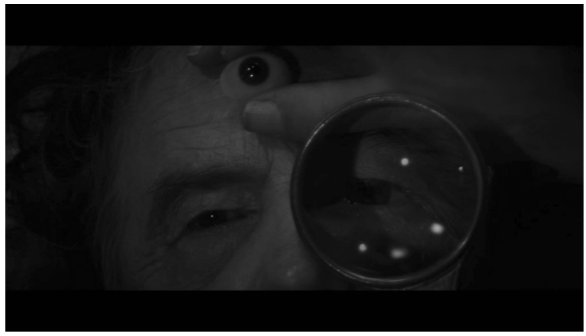
Figure 15. Fragmentation of the King's body

significance of the space is effaced to become the any-space-of-any-sick-person. The space lacks perspective and is two-dimensional. The claustrophobia is created by firstly, the camera that focuses on the immobile King, and secondly, by the shadows that cover all corners. "The shadow extends to infinity. In this way it determines the virtual conjunctions which do not coincide with the state of things or the position of characters which produce it..." (DELEUZE, 1997, 112) Whether it be a lively party with the court ladies or a business meeting concerning the building of a new bridge (during the day), the spaces are dark and brooding.
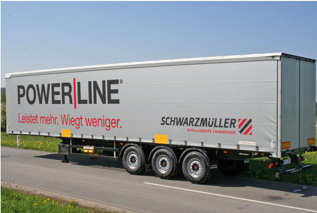
3-axle sliding tarpaulin platform semitrailer - coil - combined transport
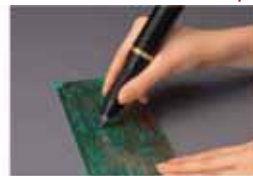
For correcting of PCB patterns
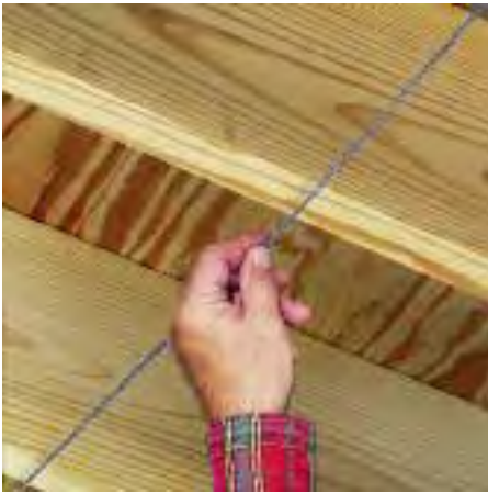
1 Strike chalk line in desired location for CableWay™.

Rated for a maximum load of 6 lbs/linear foot of runway
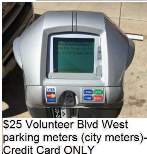
$25 Volunteer Blvd West parking meters (city meters)-Credit Card ONLY
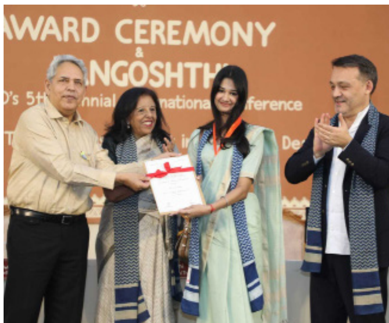
Distribution of Meritorious Students Awards

On the same occasion, the IICD Meritorious Student Awards were presented to graduating students in recognition of their outstanding academic performance and achievements during their course of study. The awards celebrated the dedication, creativity and hard work demonstrated by students across various programs at the institute.
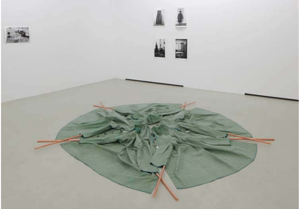
Barely Something Museum DKM, 2010
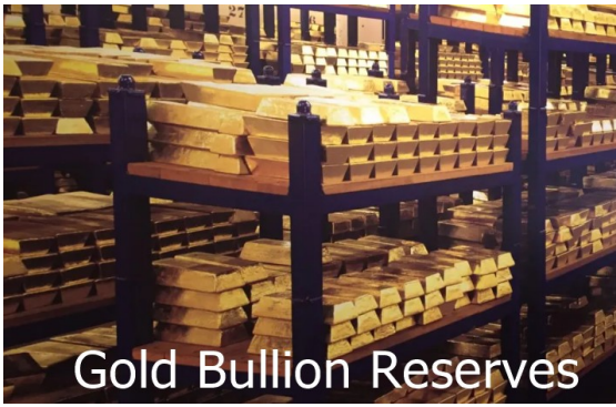
Gold Bullion Reserves

Beneath the bank there is a vault with huge gold reserves, the bank store it there for other countries. Of course we had to have a go at lifting a gold bar which is deceptively heavy.
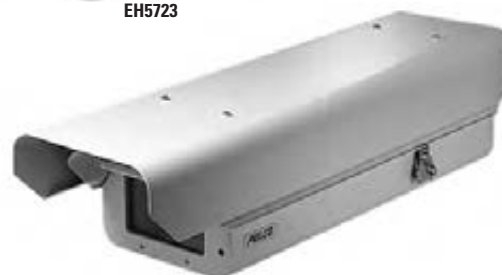
ENCLOSURE WITH SUN SHROUD

The EH5700 Series are indoor/outdoor enclosures designed for use with Pelco's medium and heavy duty pan/tilts or fixed mounts. Constructed of aluminum and available in a 23-inch (58.42 cm) length ( EH5723 ) and 29-inch (73.66 cm) length ( EH5729 ), these enclosures are designed to accept larger format cameras with either fixed focal length lenses or motorized zoom lenses.
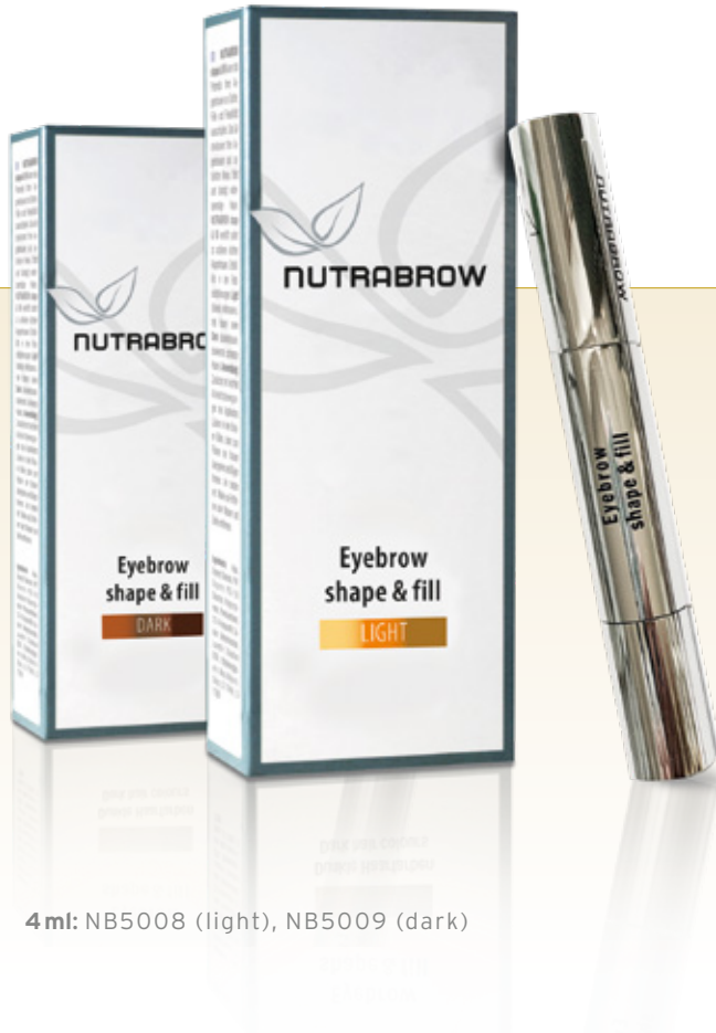
4 ml: NB5008 (light), NB5009 (dark)

Contour and colour for perfect eyebrow styles: NUTRABROW Eyebrow shape & fill - available for light and dark colours.
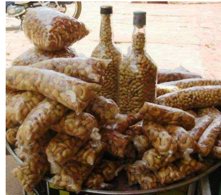
Cashews for sale at a roadside stand in Burkina Faso

Cashews—as a snack or cashew butter—are widely distributed in supermarkets and small shops in Ouagadougou and Bobo Dioulasso. The cashew retail price is $9.80/kg in supermarkets. Sales are highly seasonal, peaking in October–December (holiday period) and January–May (cashew nut season). Supermarkets buy directly from the industrial processor or through wholesalers who buy from small local processors, but they face irregular deliveries and occasionally run out of stock. Overall, volumes of sales are low, there is little variety in flavor, and simple plastic sachets without labels or brands dominate the market. The quality of the cashews is perceived as low, probably also due to the poor packaging.
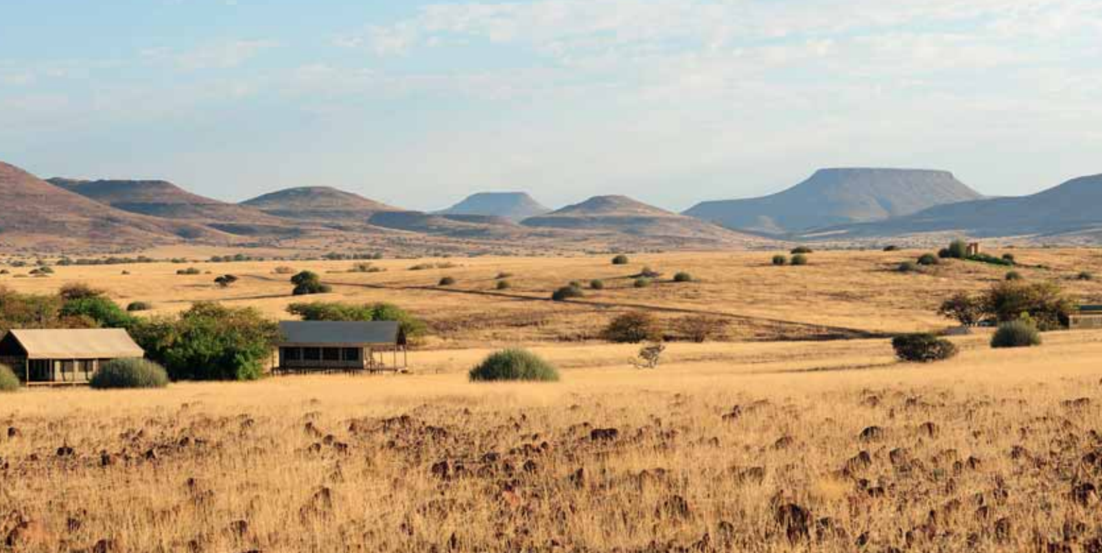
The remote Desert Rhino Camp in the heart of the Palmwag Concession

*****

**Activity**
What is needed is an exact repeat of only the lines from the one containing "4 ml: NB5008 (light), NB5009 (dark)" through the last line of the listing above, both ends included, without the pictures.

**Exercise output**
4 ml: NB5008 (light), NB5009 (dark)

Contour and colour for perfect eyebrow styles: NUTRABROW Eyebrow shape & fill - available for light and dark colours.
Cashews for sale at a roadside stand in Burkina Faso

Cashews—as a snack or cashew butter—are widely distributed in supermarkets and small shops in Ouagadougou and Bobo Dioulasso. The cashew retail price is $9.80/kg in supermarkets. Sales are highly seasonal, peaking in October–December (holiday period) and January–May (cashew nut season). Supermarkets buy directly from the industrial processor or through wholesalers who buy from small local processors, but they face irregular deliveries and occasionally run out of stock. Overall, volumes of sales are low, there is little variety in flavor, and simple plastic sachets without labels or brands dominate the market. The quality of the cashews is perceived as low, probably also due to the poor packaging.
The remote Desert Rhino Camp in the heart of the Palmwag Concession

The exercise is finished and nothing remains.